For California state unemployment insurance tax purposes, employers must maintain for four years "after the date the contributions to which they relate become due, or the date the contributions are paid, whichever is later." These records shall reflect the following information for each employee: the employee's name, social security number, date hired, rehired or returned to work; the period covered by payroll; the wages paid to the employee, including a separate showing of cash wages, the cash value of non-cash wages, and special payments such as prizes and bonuses; and other information which would enable the law firm to determine the total wages earned by the employee on a weekly basis. 22 Cal.Code Regs. ?1085-2.

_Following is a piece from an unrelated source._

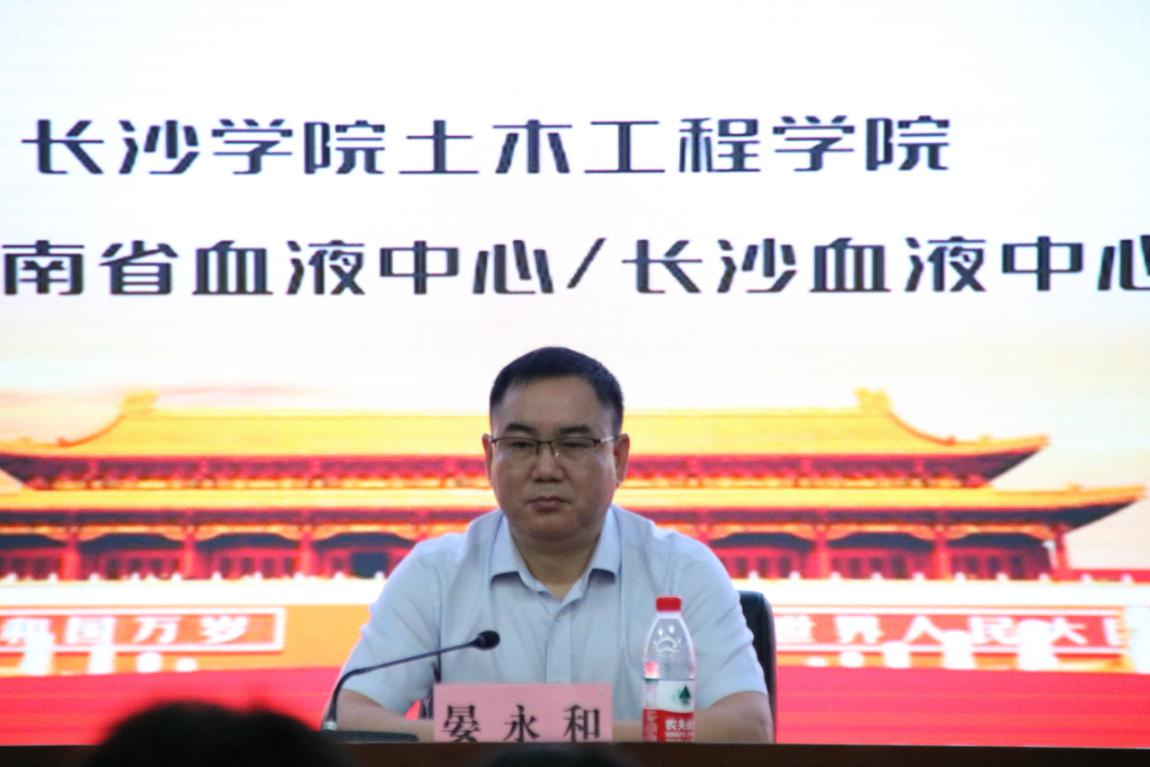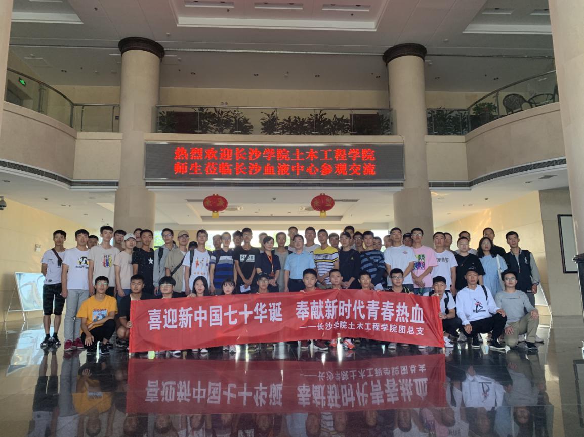 9月28日上午,长沙学院土木工程学院与湖南血液中心(长沙血液中心)共同举办的“喜迎新中国七十华诞,奉献新时代青春热血”成分献血活动在长沙市公共卫生中心举行。本次活动旨在秉持奉献社会的美好心态,号召当代青年积极参与公益献血活动,以实际行动践行“不忘初心、牢记使命”主题教育,以此来献礼新中国成立七十周年。省血液中心主任晏永和,学院党总支书记徐远超、团总支书记李晗出席活动仪式,该院70余名师生党员、入党积极分子及学生干部参加了活动。
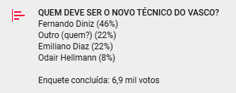 Fernando Diniz, Pedro Caixinha, Ramón Díaz e Tite estariam sendo analisados pelo Vasco para substituir Fábio Carille. segunda-feira, 28/04/2025 às 09:42 — Em Últimas notícias

? RECORDS RELATED TO ADMINISTRATIVE PROCEEDING AND LAWSUITS
In addition to the aforementioned requirements, retention of records related to an administrative investigation or charge, or a lawsuit, may require maintaining records beyond the date(s) required by law. The failure to retain records which relate to an administrative proceeding or a lawsuit can have severe consequences. For example, the intentional destruction of documents relevant to a proceeding is a criminal offense. Cal. Pen. Code ?135. Further, although the California Supreme Court has recently held that there is no tort liability for a party to litigation or a third-party who destroys relevant information, persons who intentionally or negligently destroy relevant records can be subject to sanctions and the imposition of adverse evidentiary finding. Temple Community Hospital v. Superior Court, 20 Cal. 4th 464, 466, 84 Cal. Rptr.2d 852 (1999) ("no tort cause of action will lie for intentional third party spoliation of evidence"); Cedars-Sinai Medical Center v. Superior Court, 18 Cal. 4th 1, 74 Cal. Rptr.2d 248 (1998). ("we conclude that when the alleged intentional spoliation is committed by a party to the underlying cause of action to which the evidence is relevant and when the spoliation is or reasonably should have been discovered before the conclusion of the underlying litigation, it is preferable to rely on existing nontort remedies rather than creating a tort remedy.") For this reason, it is important to adopt a proper document destruction policy which will prevent the destruction of documents which are relevant to an administrative or judicial proceeding.

CONCLUSION

It is important for the firm to implement proper procedures and practices which will ensure compliance with these record retention obligations.